Dead Island 2 review: Dead on arrival

EXPECTATIONS were high when we turned on Dead Island 2 and watched the opening chaotic cutscene.

It was filled with personality as the various characters scrambled for the last flight leaving LA, but our excitement was short lived.


Dead Island 2 review: Dead on arrival
Expect a lot of beating up the same kind of zombie.

Your main cast of characters are about as exciting as the zombies that surround them, even with a returning character from the previous game.

There is no drama or conflict amongst the crew which leads to a bland, monotone plot.

There are six playable characters who each have their own personalities and dialogue.

However, all of the NPCs react the same no matter who your character is, making conversations jarring.

Sometimes this makes conversations tonally strange, and other times the NPCs just completely ignore you.

While each character has heaps of personality, the world acts as if they don’t exist which hampers the story-telling.

The first half of the story is clichéd but decent. As someone who’s immune to the virus, you are tasked with setting up an evacuation zone.

However, the second half goes completely off the rails, folding into a completely nonsensical mess.

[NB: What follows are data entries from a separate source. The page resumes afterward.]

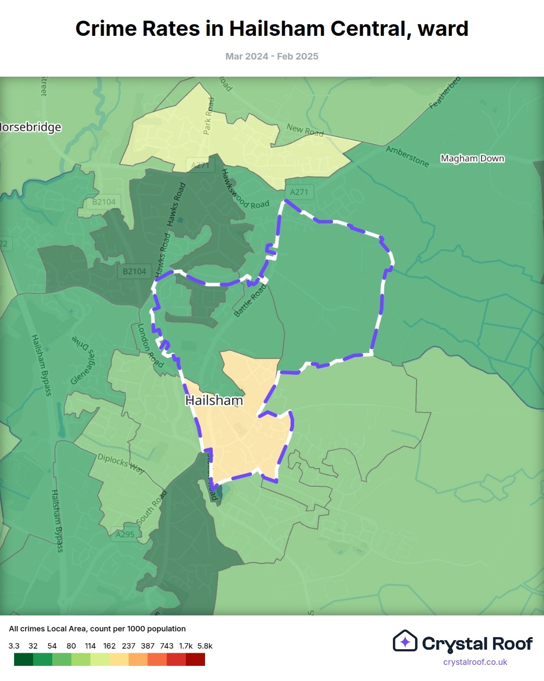 The figures in grey indicate the relative ratings of Hailsham Central (ward) for a specific crime type compared to other wards in England and Wales.
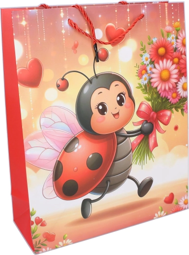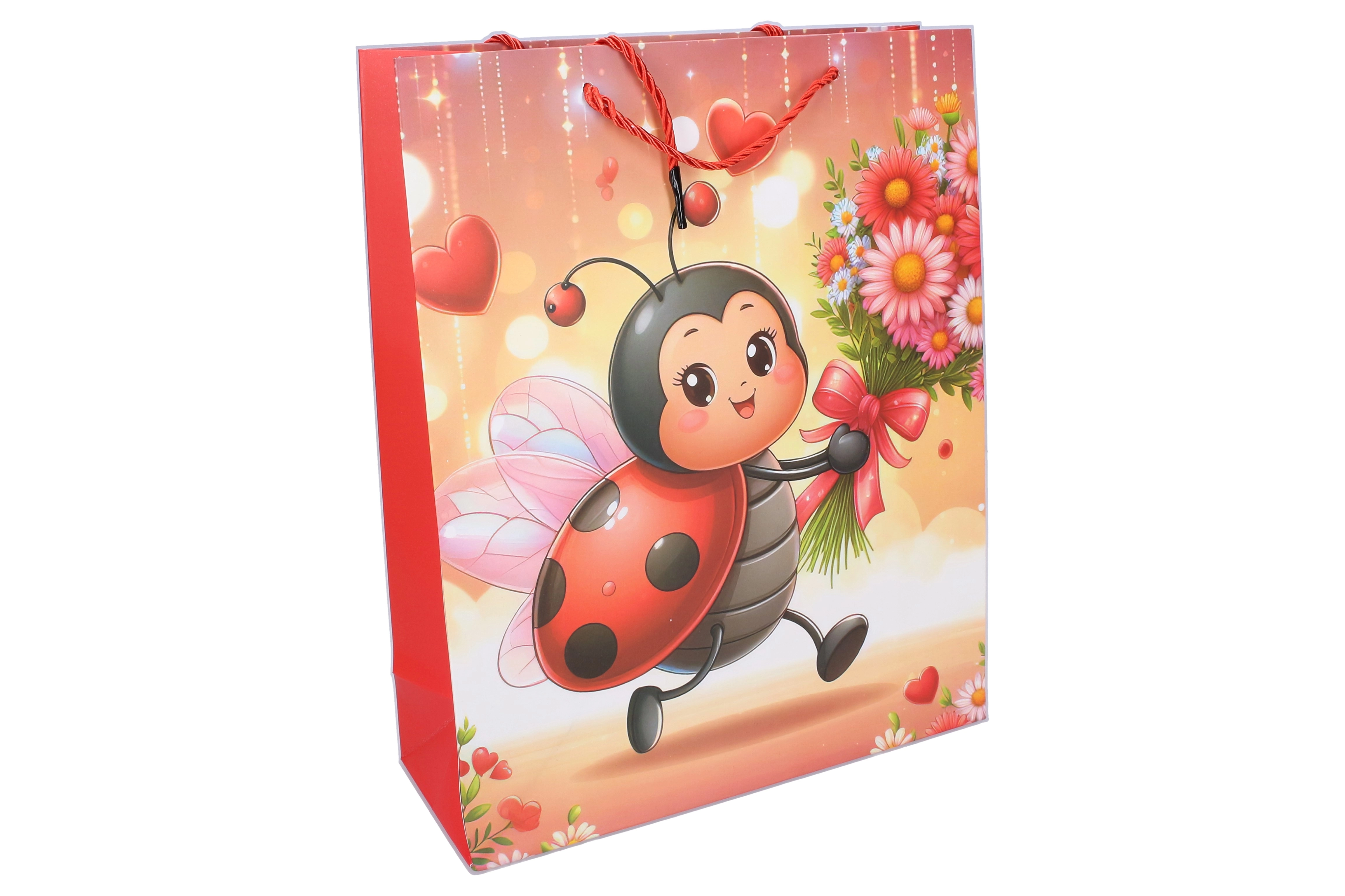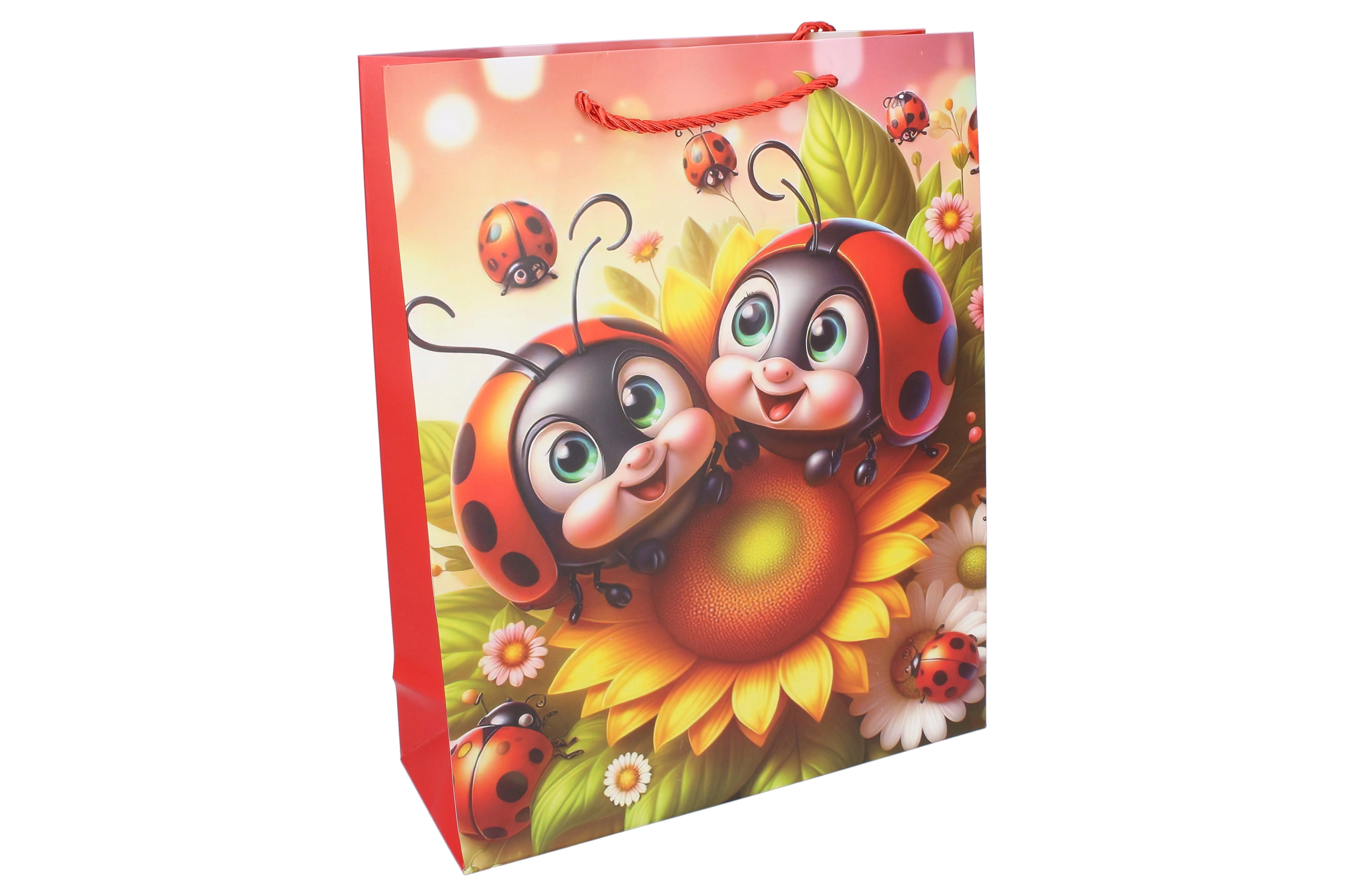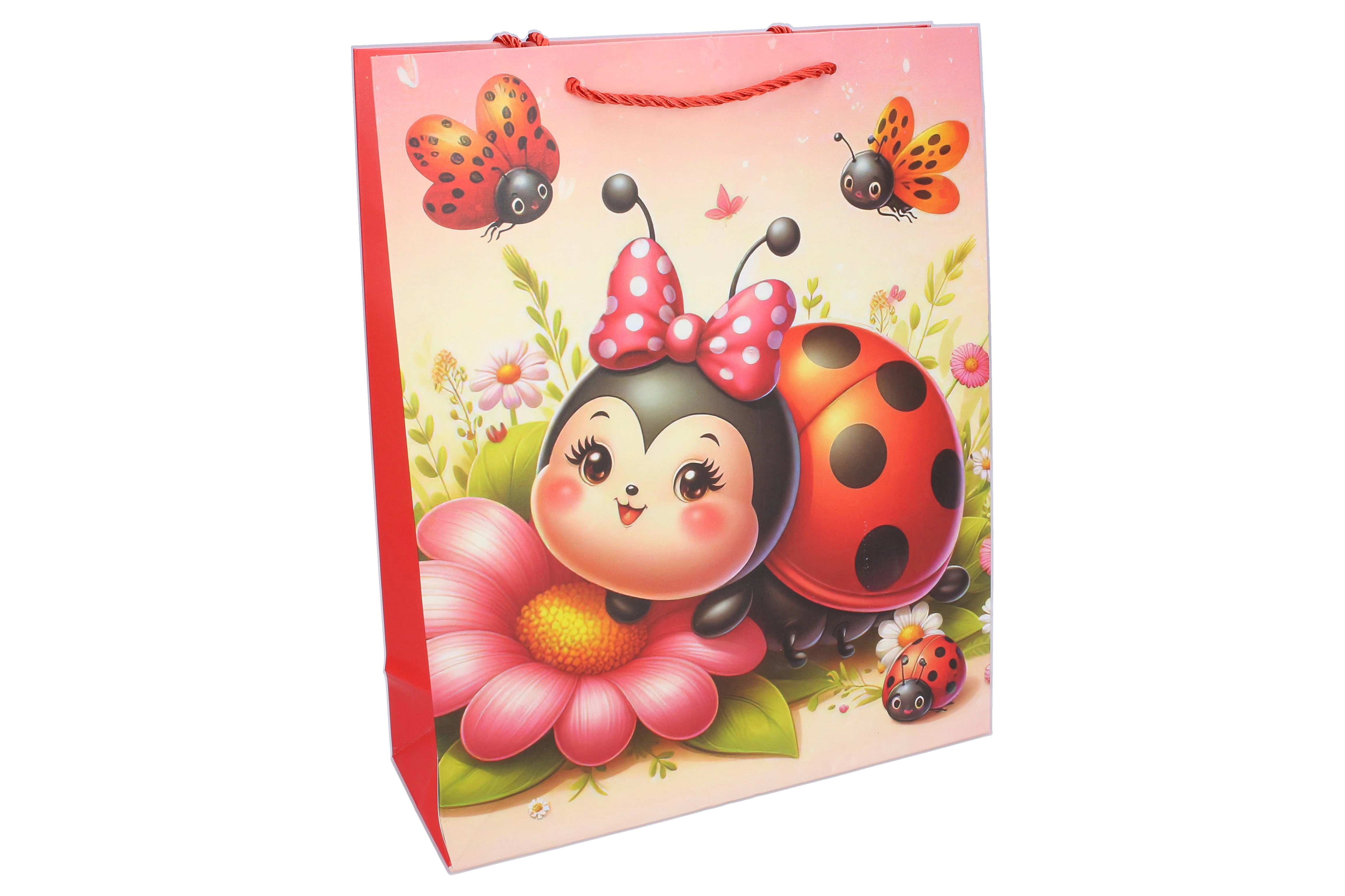 Torba jest dostępna w 4 radosnych wariantach (np. biedronka i inne dziecięce motywy), dzięki czemu z łatwością dopasujesz wygląd do okazji i zainteresowań dziecka. Eleganckie wykończenie nadaje prezentowi reprezentacyjny wygląd bez konieczności skomplikowanego pakowania.
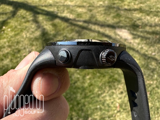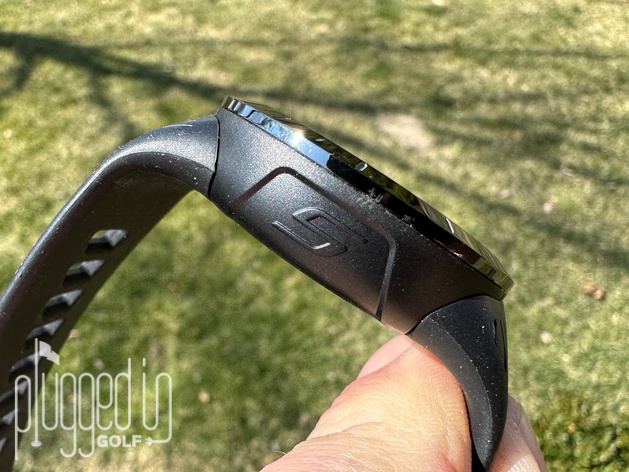 The Shot Scope X5 works with two buttons – one of which spins – and a touchscreen. The buttons generally operate as forward/select and back. You can choose whether you scroll through menus with the touchscreen or the spinning button. The 1.2″ color screen is bright and easy to read.
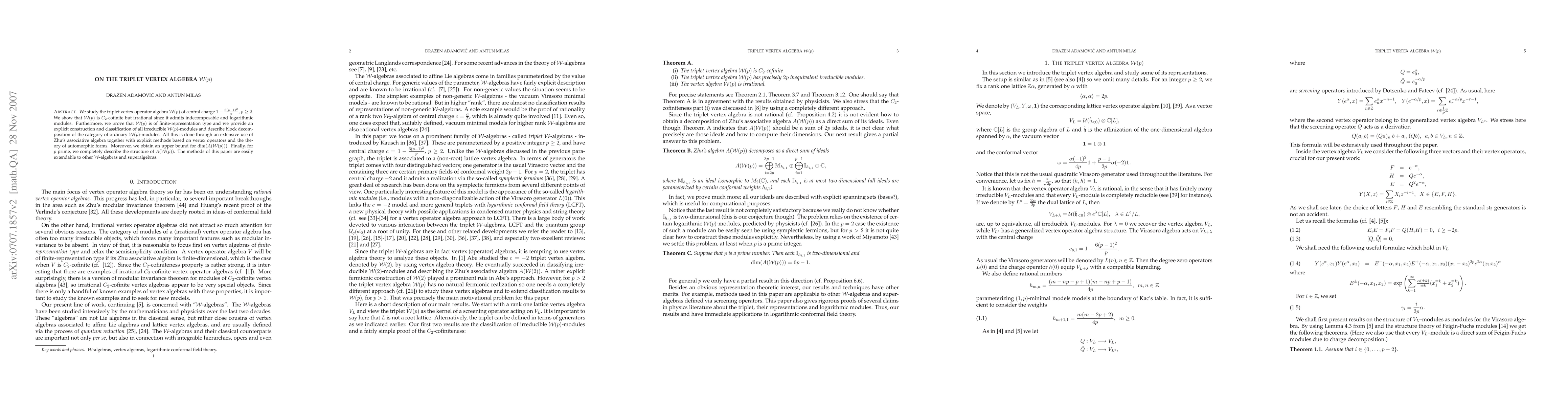 We study the triplet vertex operator algebra $\mathcal{W}(p)$ of central charge $1-\frac{6(p-1)^2}{p}$, $p \geq 2$. We show that $\trip$ is $C_2$-cofinite but irrational since it admits indecomposable and logarithmic modules. Furthermore, we prove that $\trip$ is of finite-representation type and we provide an explicit construction and classification of all irreducible $\mathcal{W}(p)$-modules and describe block decomposition of the category of ordinary $\trip$-modules. All this is done through an extensive use of Zhu's associative algebra together with explicit methods based on vertex operators and the theory of automorphic forms. Moreover, we obtain an upper bound for ${\rm dim}(A(\mathcal{W}(p)))$. Finally, for $p$ prime, we completely describe the structure of $A(\trip)$. The methods of this paper are easily extendable to other $\mathcal{W}$-algebras and superalgebras.

On the other hand the gameplay is the complete opposite.

The first half is terrible, only allowing you to do the same melee attack over and over.

You can pick up different weapons, but they all do the same thing, so you keep doing this until you need to dodge.

There are small perks; you earn back health with a good dodge, and deal more damage with a critical hit, but overall it is very basic.

However, as your arsenal expands you can combine different throwable items, known as curveballs, to create different effects.

Meat bombs can cause zombies in the area to swarm, then a well-placed pipe bomb can take them all out.

Or you can use a water bomb to soak the zombies and send out an electric throwing star to electrocute them.

You are later given access to guns, and while the shooting isn’t anything special, it’s a reprieve from the hours of dull melee.

Ammo is both plentiful and easy to craft, meaning by the time guns are unlocked you’ll be able to make enough to last you until the end of the game.

Guns are by far the best way to deal with enemies, and show off the gore system, and should be available from the start.

There are some positives. The world design and art direction is on point.

It borders on realism while showing LA as the fantasy world that we’ve seen on TV.

Most zombie games put the player in an apocalyptic wasteland, but Dead Island 2 shows a world shortly after the zombie invasion.

With a decade of troubled development under its belt, Dead Island 2 lives up to expectations.

Overall, it’s inoffensive but doesn’t do enough to call it anything other than dull.